§ **What the exercise asks**
Output a faithful copy of the entries, every picture removed.

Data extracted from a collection
+-------+

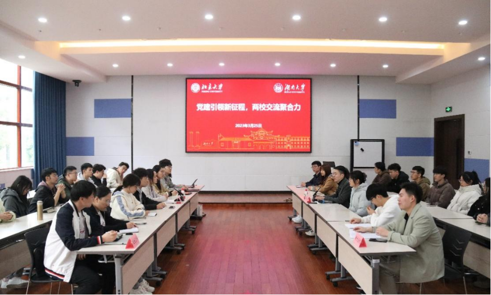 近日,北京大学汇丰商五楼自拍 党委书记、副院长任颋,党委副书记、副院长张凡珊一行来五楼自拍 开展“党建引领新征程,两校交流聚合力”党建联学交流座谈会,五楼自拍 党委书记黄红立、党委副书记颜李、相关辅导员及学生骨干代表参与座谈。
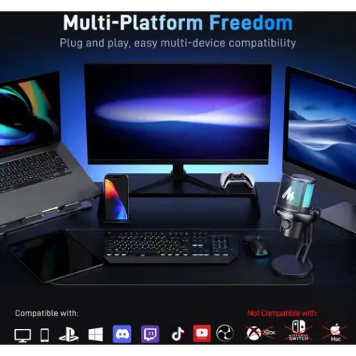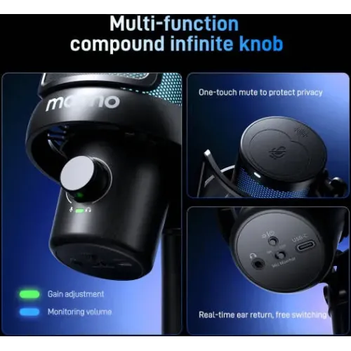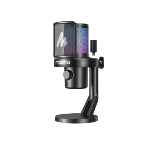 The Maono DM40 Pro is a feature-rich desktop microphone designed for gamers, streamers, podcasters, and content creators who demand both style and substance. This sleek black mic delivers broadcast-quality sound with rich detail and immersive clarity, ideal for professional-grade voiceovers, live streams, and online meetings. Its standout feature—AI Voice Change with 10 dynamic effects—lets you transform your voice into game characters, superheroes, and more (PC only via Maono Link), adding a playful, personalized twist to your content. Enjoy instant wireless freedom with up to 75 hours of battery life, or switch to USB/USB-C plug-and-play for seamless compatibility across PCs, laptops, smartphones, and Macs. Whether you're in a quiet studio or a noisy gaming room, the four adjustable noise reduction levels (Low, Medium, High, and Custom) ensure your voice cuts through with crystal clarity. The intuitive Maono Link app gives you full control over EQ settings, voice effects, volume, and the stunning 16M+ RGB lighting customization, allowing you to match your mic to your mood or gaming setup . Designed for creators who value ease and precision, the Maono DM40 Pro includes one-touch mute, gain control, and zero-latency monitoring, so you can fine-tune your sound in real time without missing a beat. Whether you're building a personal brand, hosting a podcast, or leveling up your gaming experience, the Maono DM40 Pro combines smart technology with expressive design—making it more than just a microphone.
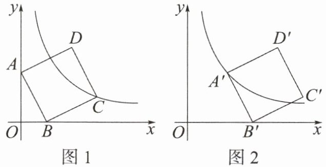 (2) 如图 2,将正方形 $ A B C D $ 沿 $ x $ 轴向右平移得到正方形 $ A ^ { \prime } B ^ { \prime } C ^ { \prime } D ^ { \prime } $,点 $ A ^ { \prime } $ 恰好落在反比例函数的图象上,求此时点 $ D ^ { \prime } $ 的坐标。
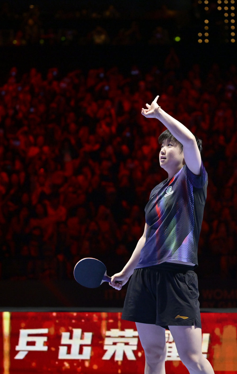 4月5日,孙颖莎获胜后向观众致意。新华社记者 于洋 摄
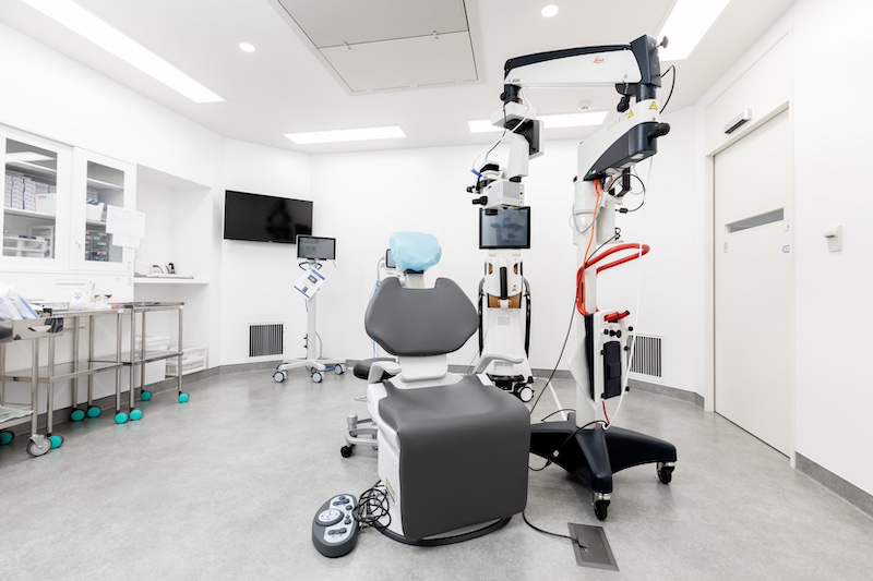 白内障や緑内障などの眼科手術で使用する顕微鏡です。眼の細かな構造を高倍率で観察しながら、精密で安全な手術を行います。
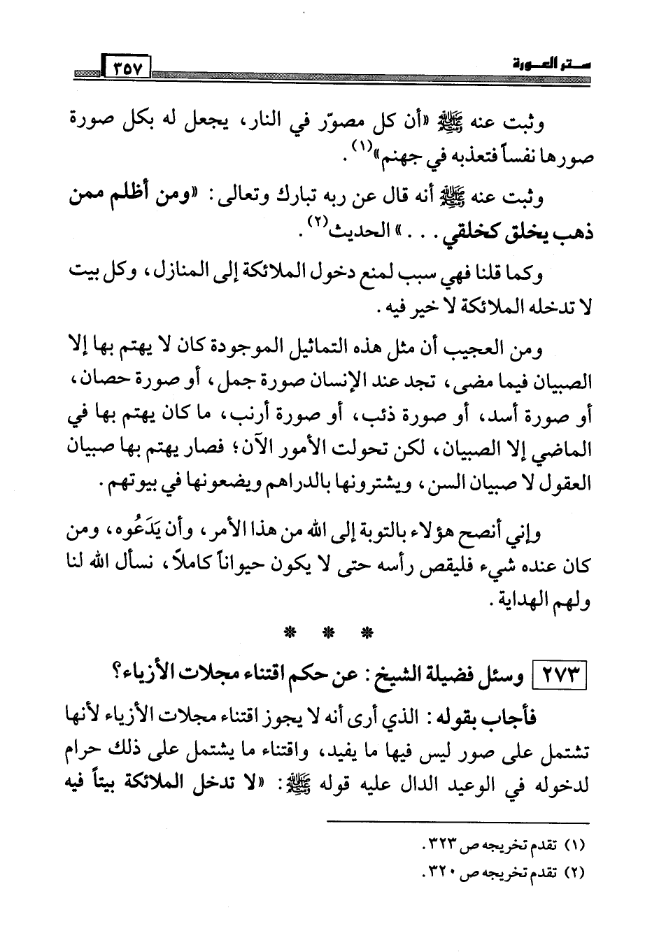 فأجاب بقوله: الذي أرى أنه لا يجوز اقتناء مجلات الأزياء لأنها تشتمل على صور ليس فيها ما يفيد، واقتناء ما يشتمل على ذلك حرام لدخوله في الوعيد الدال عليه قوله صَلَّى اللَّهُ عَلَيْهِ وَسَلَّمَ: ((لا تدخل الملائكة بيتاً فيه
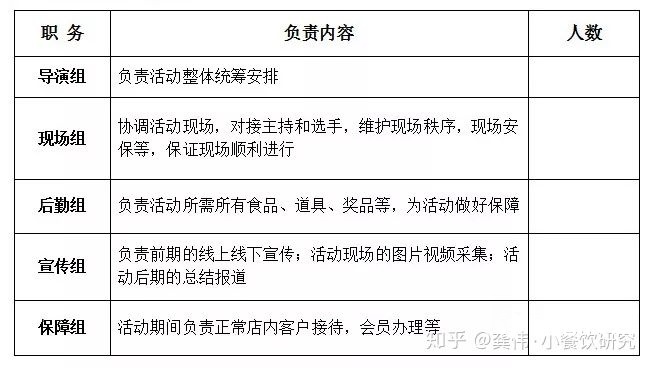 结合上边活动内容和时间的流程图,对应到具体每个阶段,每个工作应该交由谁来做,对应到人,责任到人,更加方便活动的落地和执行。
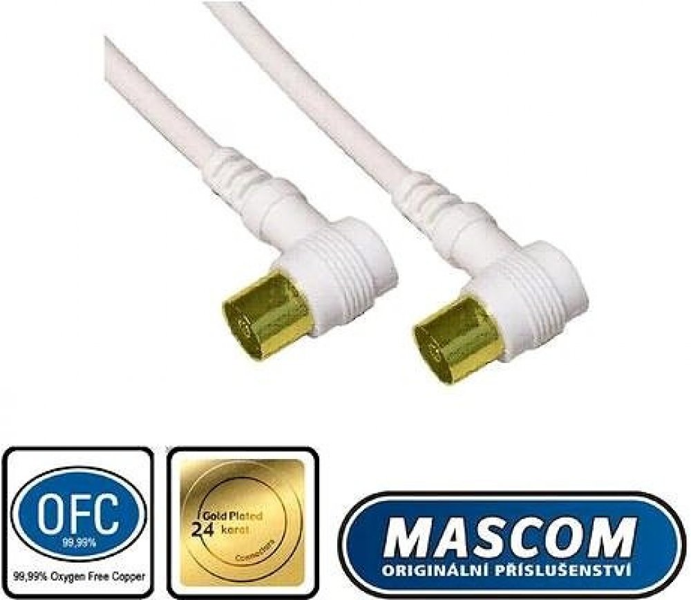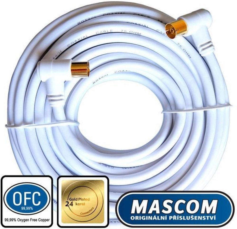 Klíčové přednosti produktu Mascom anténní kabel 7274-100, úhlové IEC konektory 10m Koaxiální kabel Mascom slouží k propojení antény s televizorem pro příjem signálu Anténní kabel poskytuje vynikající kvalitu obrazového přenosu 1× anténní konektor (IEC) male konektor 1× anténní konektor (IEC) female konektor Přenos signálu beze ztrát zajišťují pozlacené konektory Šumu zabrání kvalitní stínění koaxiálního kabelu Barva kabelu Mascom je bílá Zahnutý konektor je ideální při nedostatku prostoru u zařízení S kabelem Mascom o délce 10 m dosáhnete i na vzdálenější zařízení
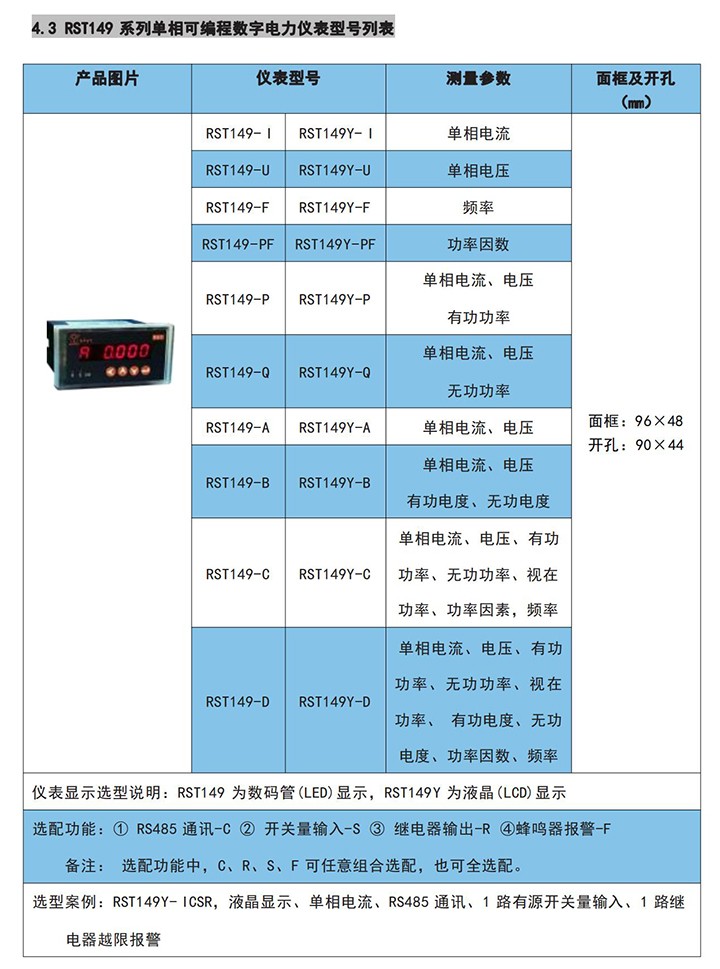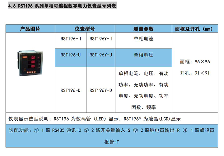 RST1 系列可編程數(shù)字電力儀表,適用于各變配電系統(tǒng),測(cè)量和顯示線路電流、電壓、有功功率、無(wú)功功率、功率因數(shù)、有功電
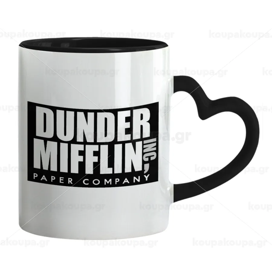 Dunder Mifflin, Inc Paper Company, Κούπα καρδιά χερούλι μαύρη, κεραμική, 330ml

+-------+

§ **Solution to the exercise**
 近日,北京大学汇丰商五楼自拍 党委书记、副院长任颋,党委副书记、副院长张凡珊一行来五楼自拍 开展“党建引领新征程,两校交流聚合力”党建联学交流座谈会,五楼自拍 党委书记黄红立、党委副书记颜李、相关辅导员及学生骨干代表参与座谈。
 The Maono DM40 Pro is a feature-rich desktop microphone designed for gamers, streamers, podcasters, and content creators who demand both style and substance. This sleek black mic delivers broadcast-quality sound with rich detail and immersive clarity, ideal for professional-grade voiceovers, live streams, and online meetings. Its standout feature—AI Voice Change with 10 dynamic effects—lets you transform your voice into game characters, superheroes, and more (PC only via Maono Link), adding a playful, personalized twist to your content. Enjoy instant wireless freedom with up to 75 hours of battery life, or switch to USB/USB-C plug-and-play for seamless compatibility across PCs, laptops, smartphones, and Macs. Whether you're in a quiet studio or a noisy gaming room, the four adjustable noise reduction levels (Low, Medium, High, and Custom) ensure your voice cuts through with crystal clarity. The intuitive Maono Link app gives you full control over EQ settings, voice effects, volume, and the stunning 16M+ RGB lighting customization, allowing you to match your mic to your mood or gaming setup . Designed for creators who value ease and precision, the Maono DM40 Pro includes one-touch mute, gain control, and zero-latency monitoring, so you can fine-tune your sound in real time without missing a beat. Whether you're building a personal brand, hosting a podcast, or leveling up your gaming experience, the Maono DM40 Pro combines smart technology with expressive design—making it more than just a microphone.
 (2) 如图 2,将正方形 $ A B C D $ 沿 $ x $ 轴向右平移得到正方形 $ A ^ { \prime } B ^ { \prime } C ^ { \prime } D ^ { \prime } $,点 $ A ^ { \prime } $ 恰好落在反比例函数的图象上,求此时点 $ D ^ { \prime } $ 的坐标。
 4月5日,孙颖莎获胜后向观众致意。新华社记者 于洋 摄
 白内障や緑内障などの眼科手術で使用する顕微鏡です。眼の細かな構造を高倍率で観察しながら、精密で安全な手術を行います。
 فأجاب بقوله: الذي أرى أنه لا يجوز اقتناء مجلات الأزياء لأنها تشتمل على صور ليس فيها ما يفيد، واقتناء ما يشتمل على ذلك حرام لدخوله في الوعيد الدال عليه قوله صَلَّى اللَّهُ عَلَيْهِ وَسَلَّمَ: ((لا تدخل الملائكة بيتاً فيه
 结合上边活动内容和时间的流程图,对应到具体每个阶段,每个工作应该交由谁来做,对应到人,责任到人,更加方便活动的落地和执行。
 Klíčové přednosti produktu Mascom anténní kabel 7274-100, úhlové IEC konektory 10m Koaxiální kabel Mascom slouží k propojení antény s televizorem pro příjem signálu Anténní kabel poskytuje vynikající kvalitu obrazového přenosu 1× anténní konektor (IEC) male konektor 1× anténní konektor (IEC) female konektor Přenos signálu beze ztrát zajišťují pozlacené konektory Šumu zabrání kvalitní stínění koaxiálního kabelu Barva kabelu Mascom je bílá Zahnutý konektor je ideální při nedostatku prostoru u zařízení S kabelem Mascom o délce 10 m dosáhnete i na vzdálenější zařízení
 RST1 系列可編程數(shù)字電力儀表,適用于各變配電系統(tǒng),測(cè)量和顯示線路電流、電壓、有功功率、無(wú)功功率、功率因數(shù)、有功電
 Dunder Mifflin, Inc Paper Company, Κούπα καρδιά χερούλι μαύρη, κεραμική, 330ml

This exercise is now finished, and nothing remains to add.